[Stored data entries]
--- START ---
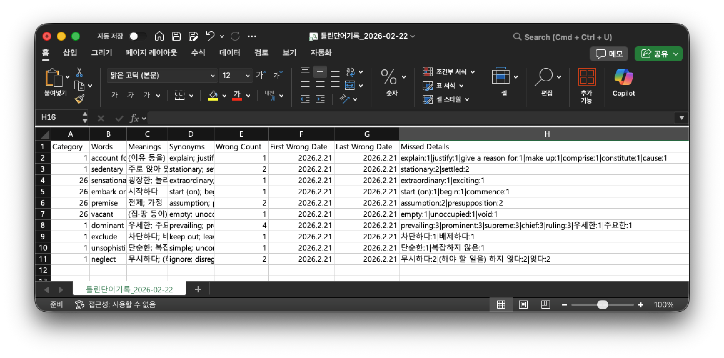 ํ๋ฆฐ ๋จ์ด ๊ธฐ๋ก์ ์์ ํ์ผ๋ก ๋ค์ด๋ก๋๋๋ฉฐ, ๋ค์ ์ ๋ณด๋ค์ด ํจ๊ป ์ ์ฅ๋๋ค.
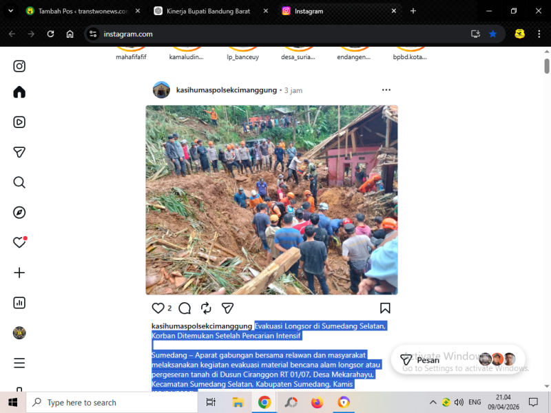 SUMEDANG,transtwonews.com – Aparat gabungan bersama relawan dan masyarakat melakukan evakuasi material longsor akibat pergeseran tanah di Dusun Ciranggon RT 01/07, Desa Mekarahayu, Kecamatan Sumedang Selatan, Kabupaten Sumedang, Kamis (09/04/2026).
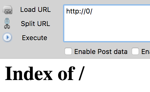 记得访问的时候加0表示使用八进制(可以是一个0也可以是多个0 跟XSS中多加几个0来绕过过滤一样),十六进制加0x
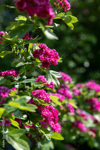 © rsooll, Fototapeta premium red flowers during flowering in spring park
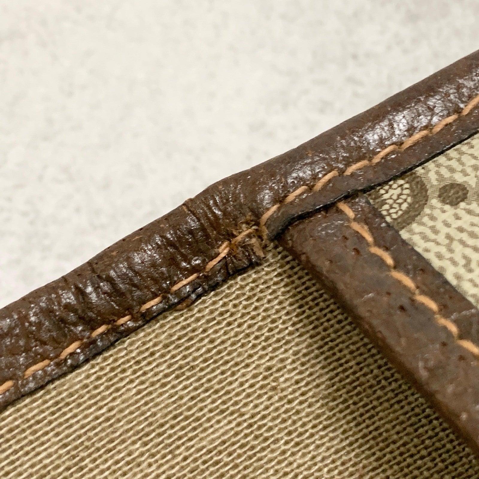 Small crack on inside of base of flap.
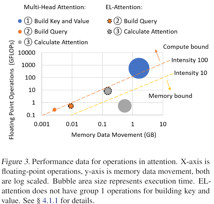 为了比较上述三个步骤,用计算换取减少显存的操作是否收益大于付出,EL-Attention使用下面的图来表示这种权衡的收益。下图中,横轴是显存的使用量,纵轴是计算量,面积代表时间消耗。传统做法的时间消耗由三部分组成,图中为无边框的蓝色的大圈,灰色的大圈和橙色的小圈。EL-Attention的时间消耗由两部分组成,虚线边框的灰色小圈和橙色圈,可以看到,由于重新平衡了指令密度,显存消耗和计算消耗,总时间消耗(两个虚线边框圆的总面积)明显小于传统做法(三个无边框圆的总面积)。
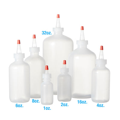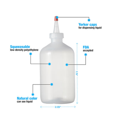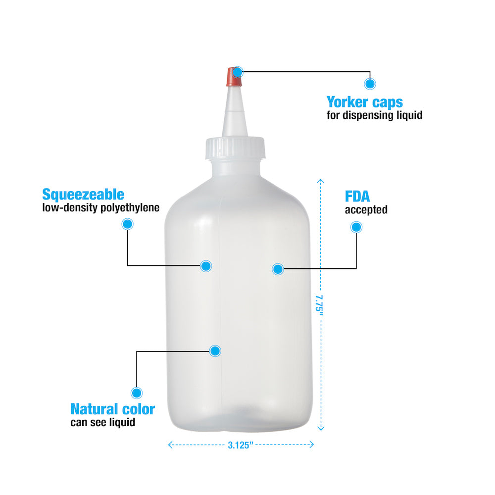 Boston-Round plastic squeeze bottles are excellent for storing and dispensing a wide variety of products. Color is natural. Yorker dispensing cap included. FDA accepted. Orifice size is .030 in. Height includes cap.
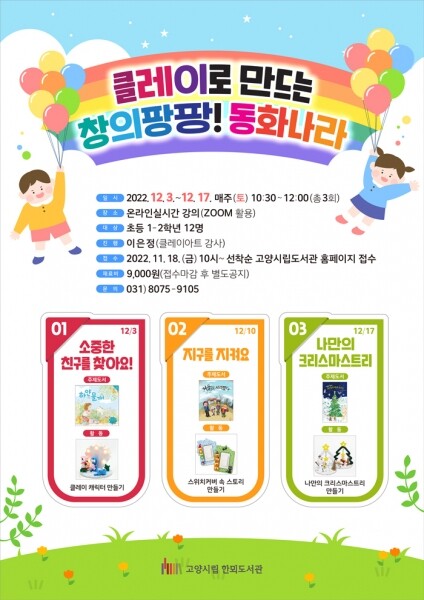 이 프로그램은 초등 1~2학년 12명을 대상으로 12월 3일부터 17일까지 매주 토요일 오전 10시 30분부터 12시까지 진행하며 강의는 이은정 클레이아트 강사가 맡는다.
--- END ---
_The task_
Restate word for word every line from the top of the entries above to the line with "SUMEDANG,transtwonews.com – Aparat", inclusive, and skip any pictures.

_Response for this exercise_
 ํ๋ฆฐ ๋จ์ด ๊ธฐ๋ก์ ์์ ํ์ผ๋ก ๋ค์ด๋ก๋๋๋ฉฐ, ๋ค์ ์ ๋ณด๋ค์ด ํจ๊ป ์ ์ฅ๋๋ค.
 SUMEDANG,transtwonews.com – Aparat gabungan bersama relawan dan masyarakat melakukan evakuasi material longsor akibat pergeseran tanah di Dusun Ciranggon RT 01/07, Desa Mekarahayu, Kecamatan Sumedang Selatan, Kabupaten Sumedang, Kamis (09/04/2026).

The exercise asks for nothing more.